• [EXERCISE AIM] Set down, word for word, only the lines from the start of the records through the line bearing "BID #: WP17000302"; include no pictures.

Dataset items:

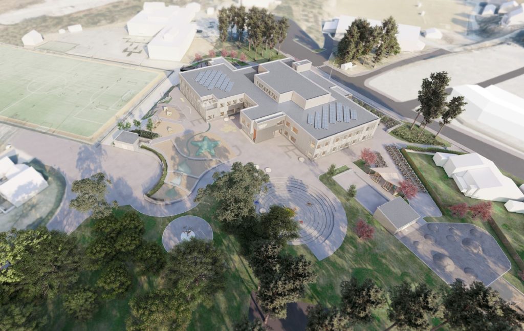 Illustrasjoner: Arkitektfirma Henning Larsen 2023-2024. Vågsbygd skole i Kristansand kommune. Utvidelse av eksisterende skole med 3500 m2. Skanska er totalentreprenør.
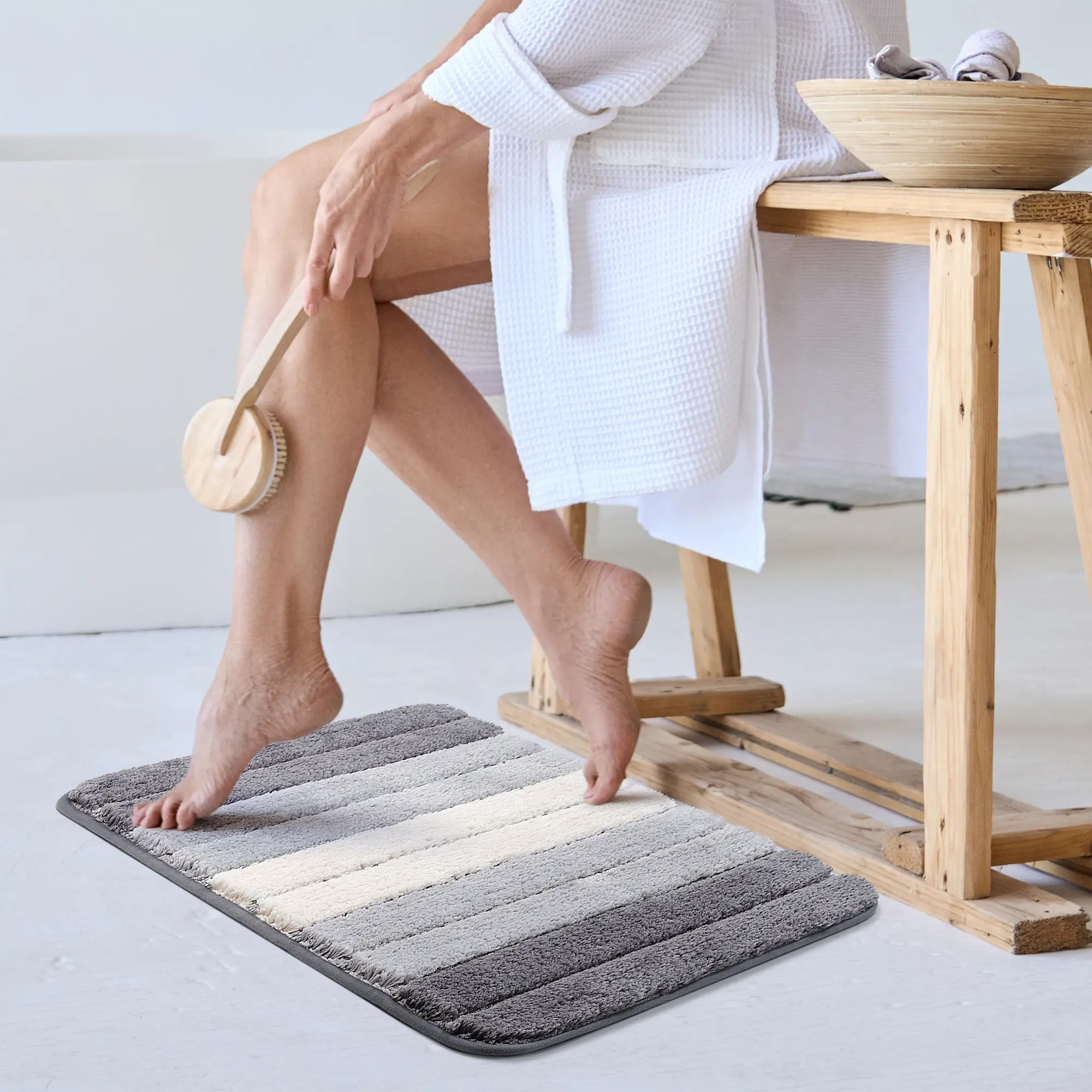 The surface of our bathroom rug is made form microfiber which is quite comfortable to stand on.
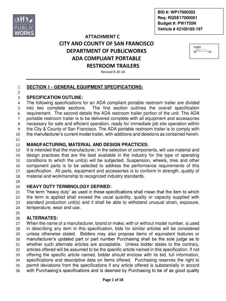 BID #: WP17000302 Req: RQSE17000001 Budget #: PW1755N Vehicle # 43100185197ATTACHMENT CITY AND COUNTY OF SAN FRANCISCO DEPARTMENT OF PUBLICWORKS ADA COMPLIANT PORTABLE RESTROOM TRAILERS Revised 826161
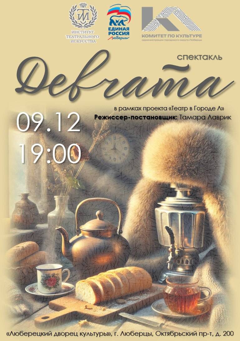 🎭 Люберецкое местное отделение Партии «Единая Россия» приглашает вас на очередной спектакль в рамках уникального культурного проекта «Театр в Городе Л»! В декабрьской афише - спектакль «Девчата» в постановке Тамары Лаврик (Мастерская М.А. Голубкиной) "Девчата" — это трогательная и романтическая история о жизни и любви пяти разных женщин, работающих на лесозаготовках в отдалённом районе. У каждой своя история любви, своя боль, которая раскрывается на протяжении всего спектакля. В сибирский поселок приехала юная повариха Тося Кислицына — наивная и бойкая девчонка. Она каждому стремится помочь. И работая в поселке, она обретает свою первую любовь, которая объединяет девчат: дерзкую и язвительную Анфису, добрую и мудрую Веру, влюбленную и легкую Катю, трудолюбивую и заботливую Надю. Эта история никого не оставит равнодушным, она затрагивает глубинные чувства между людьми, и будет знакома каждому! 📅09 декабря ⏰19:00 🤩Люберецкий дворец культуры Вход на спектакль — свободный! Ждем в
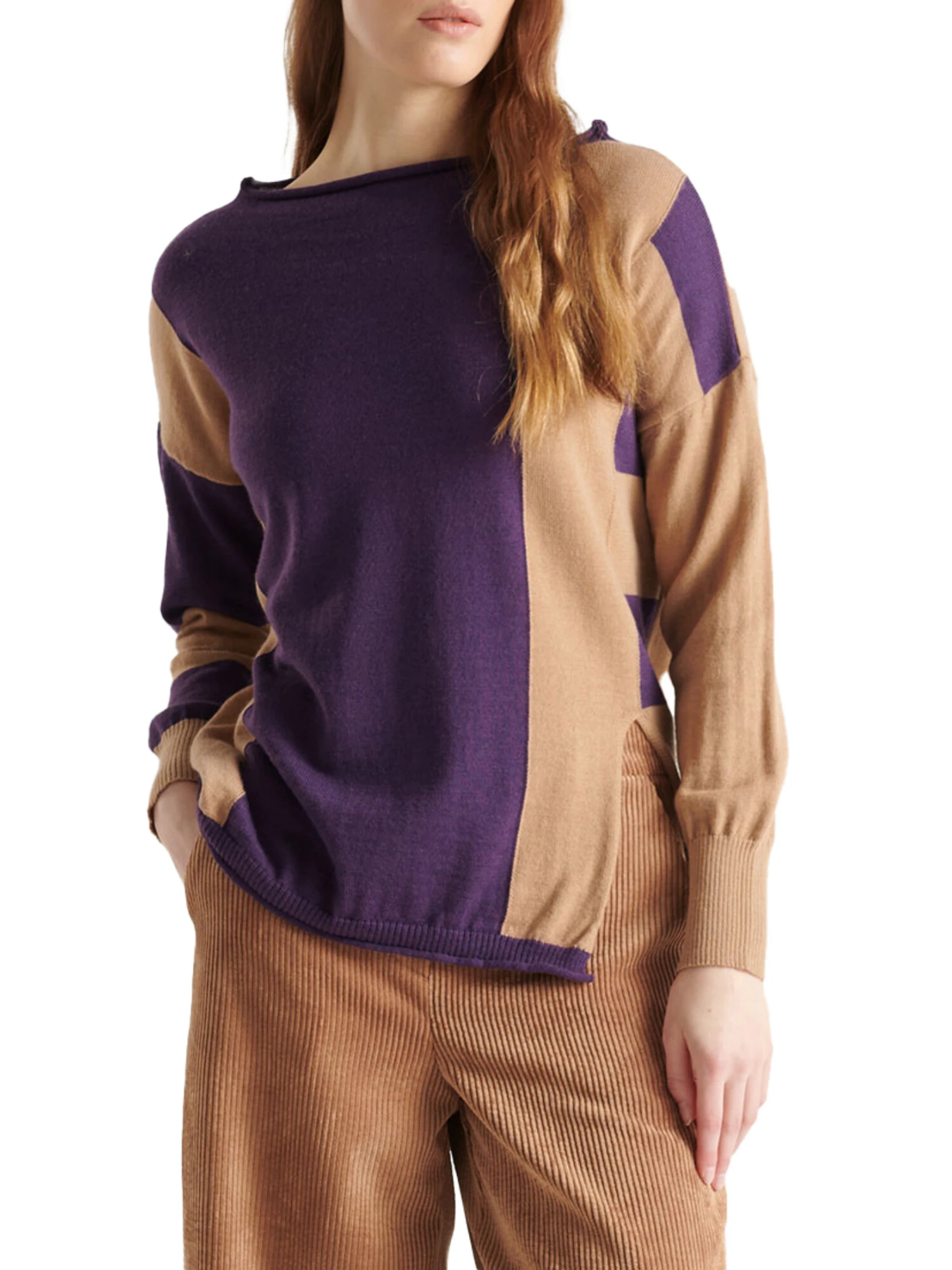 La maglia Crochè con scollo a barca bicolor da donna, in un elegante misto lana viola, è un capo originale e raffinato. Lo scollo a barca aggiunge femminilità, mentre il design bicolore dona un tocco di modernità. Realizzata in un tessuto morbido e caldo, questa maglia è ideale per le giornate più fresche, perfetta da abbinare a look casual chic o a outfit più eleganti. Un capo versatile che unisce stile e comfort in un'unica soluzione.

• [RESPONSE TO THE EXERCISE]
 Illustrasjoner: Arkitektfirma Henning Larsen 2023-2024. Vågsbygd skole i Kristansand kommune. Utvidelse av eksisterende skole med 3500 m2. Skanska er totalentreprenør.
 The surface of our bathroom rug is made form microfiber which is quite comfortable to stand on.
 BID #: WP17000302 Req: RQSE17000001 Budget #: PW1755N Vehicle # 43100185197ATTACHMENT CITY AND COUNTY OF SAN FRANCISCO DEPARTMENT OF PUBLICWORKS ADA COMPLIANT PORTABLE RESTROOM TRAILERS Revised 826161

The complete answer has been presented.